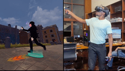 Deca团队表示,DecaMove移动方案适用于身体协同性强的VR游戏,比如一边逃跑一边射击,并且移动范围不大,也适用于狭小的空间。
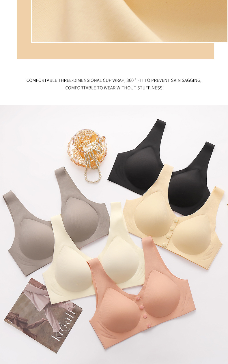무봉제 아이스 실크 중노년 여성용 앞후크 브라, 푸쉬업 고정컵, 얇은 스타일, 엄마들을 위한 조끼형 스포츠 브라, 여성 브라
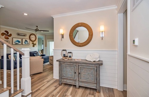 The exquisite master bedroom (Bedroom 1) features a king-size bed, a walk-out to the front porch, a flat-screen TV, and an en suite bath with a double shower head walk-in shower, double vanity, and a generous walk-in closet. Bedrooms 2 and 3 each boast a queen-size bed, a flat-screen TV, and their own en suite bath with walk-in showers, ensuring a luxurious stay for every guest. Bedroom 4 is a delightful bunk room with two bunk beds (4 twins), perfect for the young and young-at-heart. Bedroom 5 is equipped with a queen-size bed and a flat-screen TV. Bedrooms 4 and 5 share a bathroom with a shower/tub combo, providing ample convenience for families. The laundry room on this floor, along with an additional washer and dryer for beach towels in the garage, ensures utmost ease and comfort during your stay.

What you are asked to do
Pictures excluded, repeat the material above from its first line through the line containing "무봉제 아이스 실크 중노년", both included.

Task solution
 Deca团队表示,DecaMove移动方案适用于身体协同性强的VR游戏,比如一边逃跑一边射击,并且移动范围不大,也适用于狭小的空间。
무봉제 아이스 실크 중노년 여성용 앞후크 브라, 푸쉬업 고정컵, 얇은 스타일, 엄마들을 위한 조끼형 스포츠 브라, 여성 브라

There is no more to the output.